EDIorg / EMLassemblyline

R package for creating EML metadata
https://ediorg.github.io/EMLassemblyline/
MIT License
28 stars 13 forks source link

Clash with accents #73

Closed earnaud closed 3 years ago

earnaud commented 4 years ago

Upon templating CatVars on a DP, I ran across the problems of accents in international use of EAL. R reads a string containing accent until reaching the accented character and returns the beginning of the string. For example, "Bouée 1" and "Bouée 2" both become "Bou", introducing duplicated catvar codes.

Using R base iconv() might help resolve this upon reading files.

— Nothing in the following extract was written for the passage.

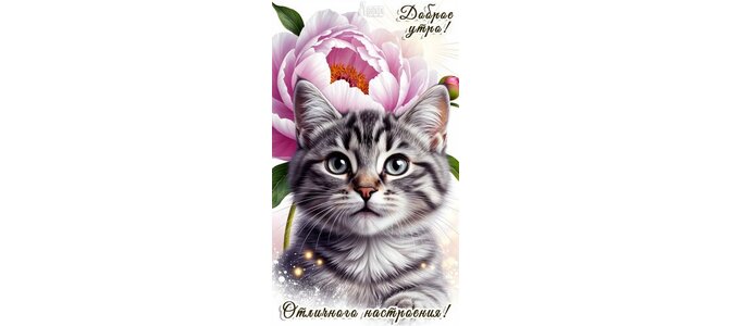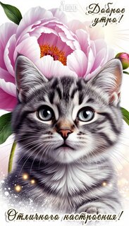 Теги:доброе утро, утро, котик, котенок, пушистик, милота, цветок, пион, красивая картинка, пожелания на каждый день, отличного настроения

earnaud commented 4 years ago

This also leads to problems with make_eml() :

invalid UTF-8 input in readChar()
clnsmth commented 4 years ago

Thanks for reporting this issue @earnaud. Please email me the data and metadata template so I can test further.

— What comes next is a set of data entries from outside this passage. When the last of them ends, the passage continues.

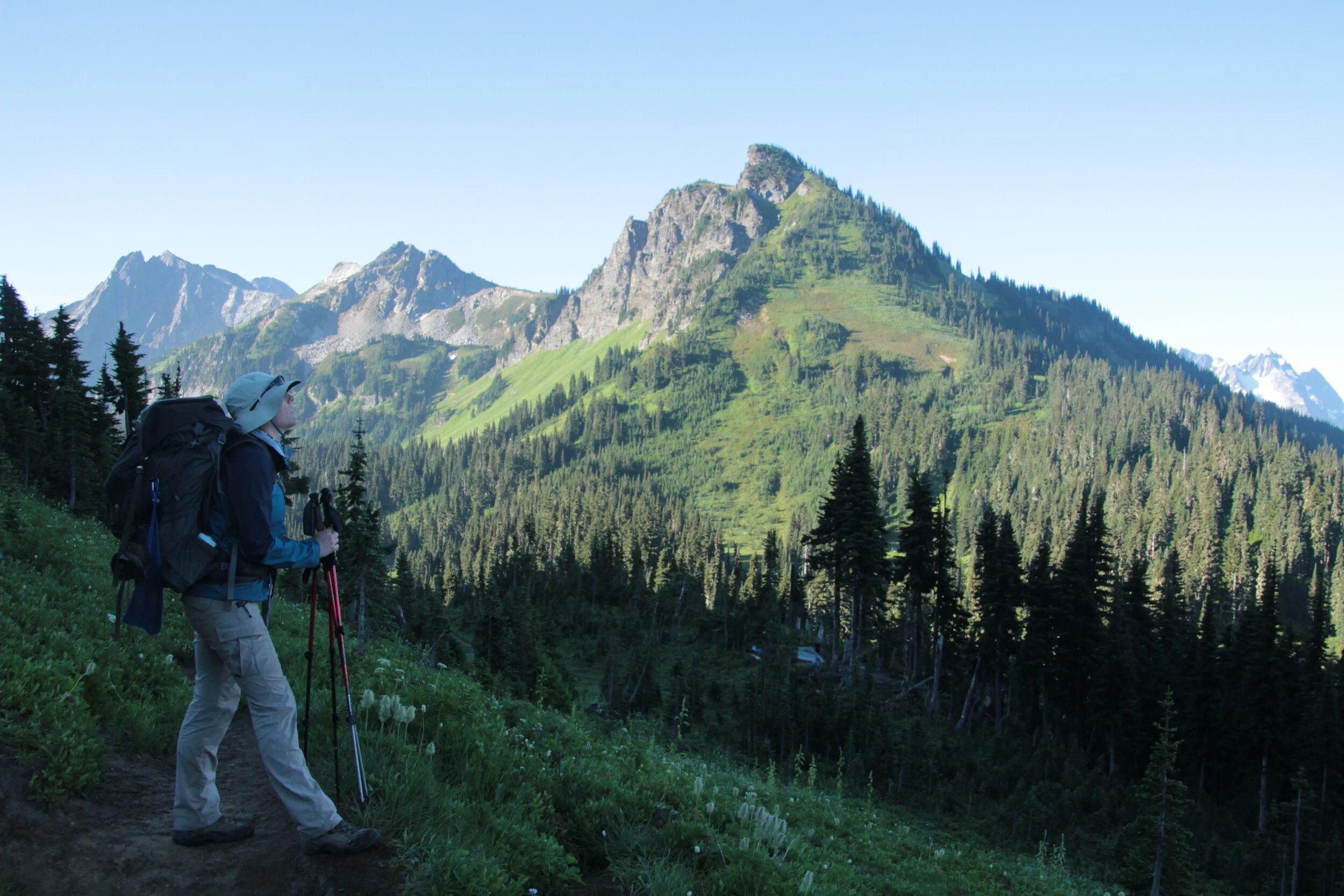 The next morning, we joined the PCT at Suiattle Pass, and caught our first views of Glacier Peak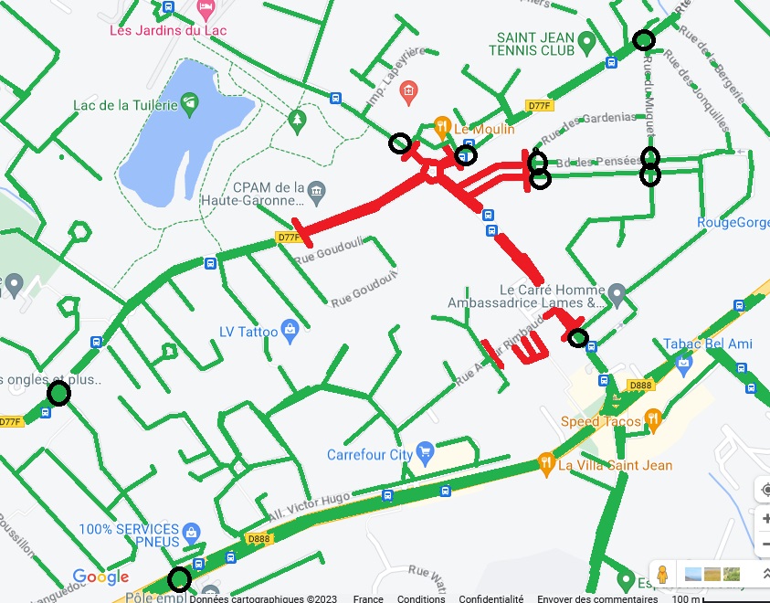 - les barres rouges sont le positionnement des interruptions de la circulation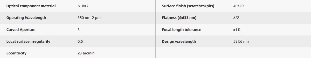 Tuniu Plano-Concave Lenses have a negative focal length and are commonly used in applications such as imaging or beam collimation. Tuniu plano-concave lenses are manufactured using N-BK7 glass that complies with RoHS standards. N-BK7 is the most commonly used material for high-quality optical components, primarily applied in visible and near-infrared fields. All circular lenses from Tuniu come pre-installed with standard lens tubes or lens mounting adapters. These mechanical components are engraved with product model, type, diameter, and focal length for easy identification of lens parameters by users.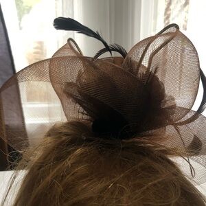 Add a touch of elegance to your outfit with this chic brown fascinator. Perfect for special occasions. There is a place to add a headband but I have found a barrette and pins hold fascinators much easier and the band does not show. Please check pics over.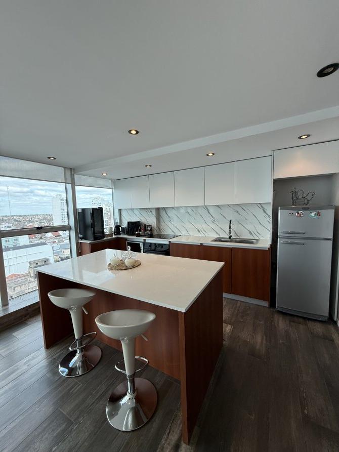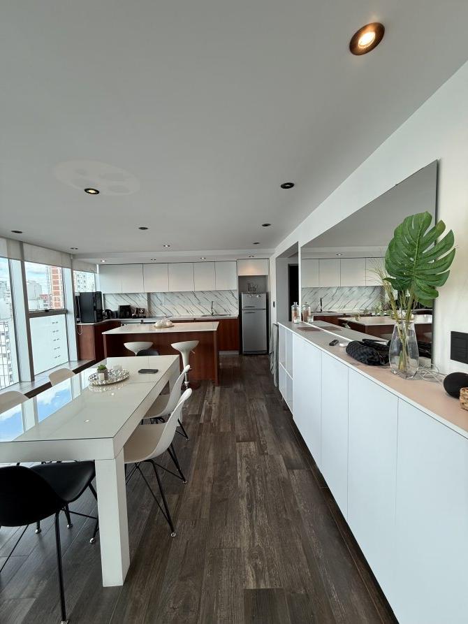 Cocina integrada, equipada con muebles a medida, bajo y sobre mesada, barra desayunadora y gran espacio de guardado. Ademas cuenta con la conexion para lavavajillas.

clnsmth commented 4 years ago

A fix is underway at branch fix_73.

earnaud commented 3 years ago

I once again came up with a file encoded with accents upon CatVars step. Has this commit been pushed?

EAL v. 2.18.1

EDIT

Silly me, posting the EAL version without noticing this is not even the last one released.

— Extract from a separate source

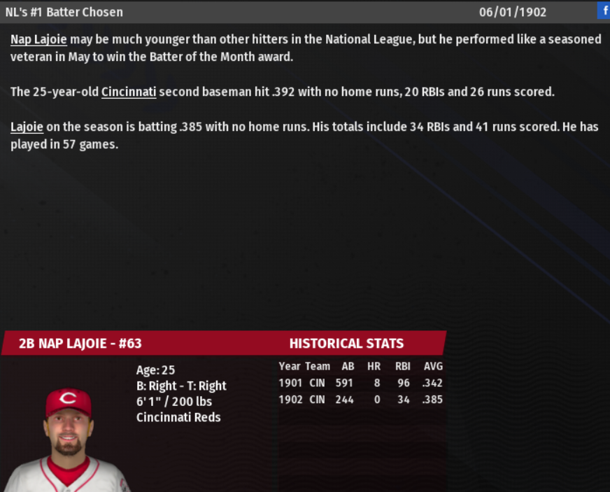 Just when you thought he couldn't get any better, Nap Lajoie took it up another notch. This time the powerful Cincinnati Reds 2nd baseman smoked the opposition for a .392 batting average (47 for 120), with 12 doubles, 3 triples, 26 runs, and 20 rbi's for a slash line of .392/.434/.542 (181 OPS+, 194 wRC+, 1.9 WAR) to take home National League Batter of the Month honors.

clnsmth commented 3 years ago

It's currently in the development branch, with the new messaging feature that needs a little more work. Is it possible to reference development until released into master?

earnaud commented 3 years ago

Upon using template_annotations() I get the following error:

Error in enc2utf8(data_table) : argument is not a character vector

It seems you try to use enc2utf8 over a data frame (or so). One thing could be to translate data_table as an array() (which in fact is a multidimensional vector) and then apply enc2utf8.

clnsmth commented 3 years ago

@earnaud I don't see this line of code in the development branch version of template_annotations() (EAL 2.19.0). What version is throwing this error?

earnaud commented 3 years ago

Here is where I found it in earnaud/EMLassemblyline@development :

$ grep --line-number enc2utf8.data R/*
R/template_arguments.R:147:    names(data_tables) <- enc2utf8(data_table)
clnsmth commented 3 years ago

Found it! data_table in the context of enc2utf8(data_table) is the table name as a character string. If you send the table and table attributes template I will look at the issue in more detail.

clnsmth commented 3 years ago

@earnaud I was unable to reproduce this error with the files you sent, but I have added a precautionary step of converting inputs to character strings (e.g. enc2utf8(as.character(data_table))).

earnaud commented 3 years ago

Ok, I do not get it fully then. Closing it for now.